Parmi les choses jusqu'ici passées quasi inaperçues, un point fait grand bruit depuis deux jours : un abaissement du seuil d'exemption de TVA, pour les très petites entreprises, à 25.000 euros de chiffre d'affaires annuel. Jusqu'ici, ce seuil était fixé à 37.500 euros de chiffre d'affaires annuel pour les entrepreneurs dans le domaine des services (85.000 dans le commerce de biens).

La disposition figure à l'article 10 du PLF. Selon Grégoire Leclercq, président de la Fédération nationale des auto-entrepreneurs (FNAE), ce nouveau seuil unique d'exemption de TVA établi à 25.000 euros conduira "250.000 auto-entrepreneurs" supplémentaires à devoir collecter la TVA à partir du 1er mars.

Sa crainte : que ces auto-entrepreneurs ne soient contraints de "facturer 20% plus cher leurs clients pour la même prestation", afin de répercuter la TVA. "Ils vont devoir ensuite collecter cette TVA sur leur compte bancaire et la reverser de manière semestrielle à l'Etat français, ce qui correspond ni plus ni moins à une énorme complexification comptable", anticipe Grégoire Leclercq. Pour une partie des auto-entrepreneurs, cette mesure constituera "une perte de marge", déplore-t-il, assurant que ces derniers "ne vont pas réussir à imposer les 20% à leurs clients". Le président de la FNAE prédit que cette mesure incitera les auto-entrepreneurs "à la fraude" : "Les gens vont tout simplement sous-déclarer leur chiffre d'affaires pour s'arrêter à 25.000 euros".

Sur les réseaux sociaux, les alertes ne cessent de circuler, notamment de la part d'entrepreneurs concernés, que ce soit par exemple dans les services à la personne ou parmi des créatifs freelance. Mais aussi de la part de personnalités politiques, notamment côté LFI. "On a failli rater cet énorme scandale", reconnaissait mardi sur X Eric Coquerel, le président de la commission des finances.

Pourtant, si cette disposition a été insérée dans le PLF par le gouvernement Bayrou à l'étape de la CMP, elle n'est en réalité par une totale nouveauté. Un amendement gouvernemental en ce sens avait en effet déjà été déposé fin novembre lors de l'examen du texte au Sénat. Tout le monde ne l'avait pas ratée puisque la FNAE avait dès lors alerté les sénateurs par courrier sur ce point.
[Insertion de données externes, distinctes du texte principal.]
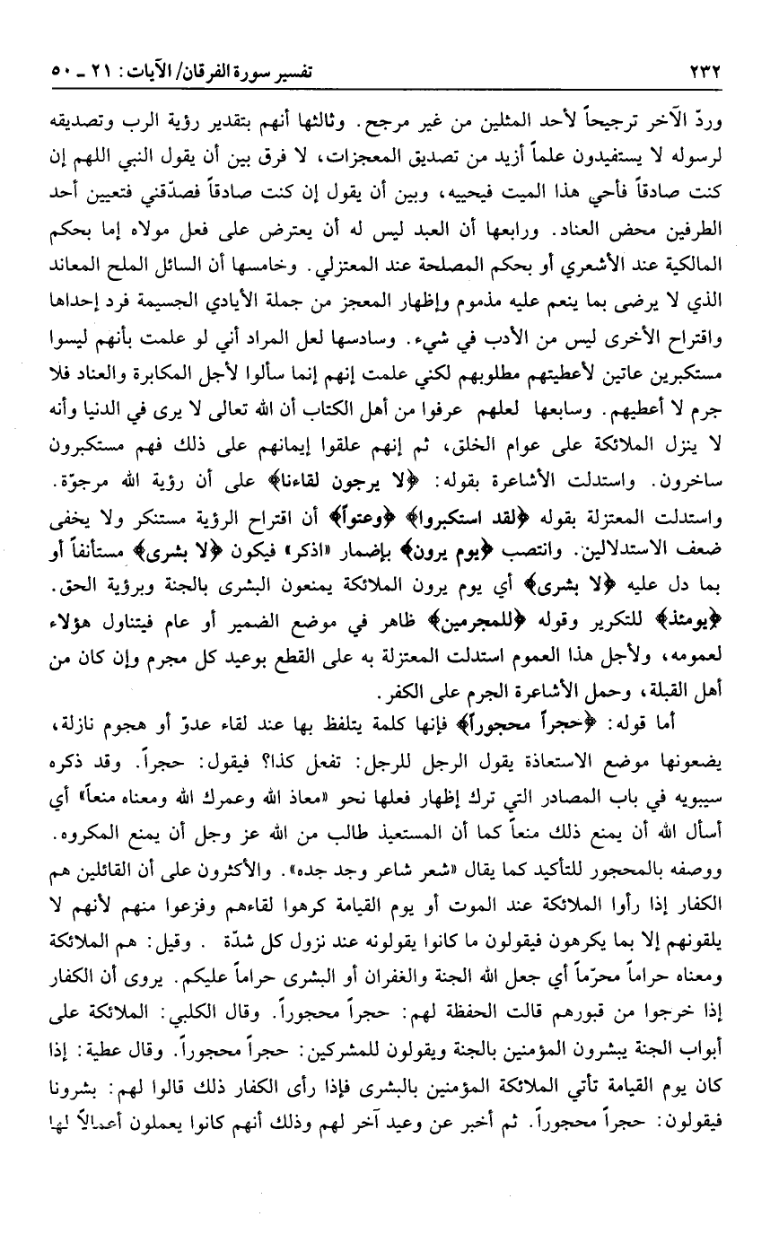 أما قوله: حِجْراً مَحْجُوراً فإنها كلمة يتلفظ بها عند لقاء عدوّ أو هجوم نازلة، يضعونها موضع الاستعاذة يقول الرجل للرجل: تفعل كذا؟ فيقول: حجرا. وقد ذكره سيبويه في باب المصادر التي ترك إظهار فعلها نحو «معاذ الله وعمرك الله ومعناه منعا» أي أسأل الله أن يمنع ذلك منعا كما أن المستعيذ طالب من الله عز وجل أن يمنع المكروه.

Le précédent gouvernement expliquait en ces termes sa volonté de modifier l'actuel article 293 B du code général des impôts : l'idée était de "remplacer les quatre seuils nationaux de franchise existants par un seuil unique de 25.000 euros, d’une part dans une optique de simplification et, d’autre part, afin de lutter contre les évitements de TVA et les distorsions de concurrence au niveau européen". Il évoquait en outre "des distorsions de concurrence importantes au sein du segment des petites et moyennes entreprises", entre celles qui ajoutent la TVA à leurs factures et celles qui en sont dispensées, estimant entre autres que "cela peut favoriser le recours en masse à la sous-traitance". Dernier argument : "des recettes fiscales significatives" pour l'Etat…

Le ministre des Comptes publics du gouvernement Barnier, Laurent Saint-Martin, avait soutenu le même argumentaire en séance devant les sénateurs, assurant que "cette harmonisation est souhaitée et réclamée par un certain nombre d’entreprises". Le sénateur Jean-François Husson, rapporteur général LR de la commission des finances, avait toutefois émis un avis défavorable, jugeant notamment que l'abaissement des seuils "entraînera immanquablement une forme de complexité administrative pour les petites entreprises" et "ne sera pas sans conséquence sur les consommateurs" amenés à payer cette TVA. L'amendement avait été retoqué par les sénateurs. Il sera donc revenu deux mois plus tard par la fenêtre de la CMP. La mesure devrait donc logiquement subsister dans le texte définitif de la loi de finances après le rejet de la motion de censure ce 5 février à l'Assemblée (voir notre article de ce jour), le vote ultime du Sénat prévu ce 6 février n'étant en principe plus qu'une formalité.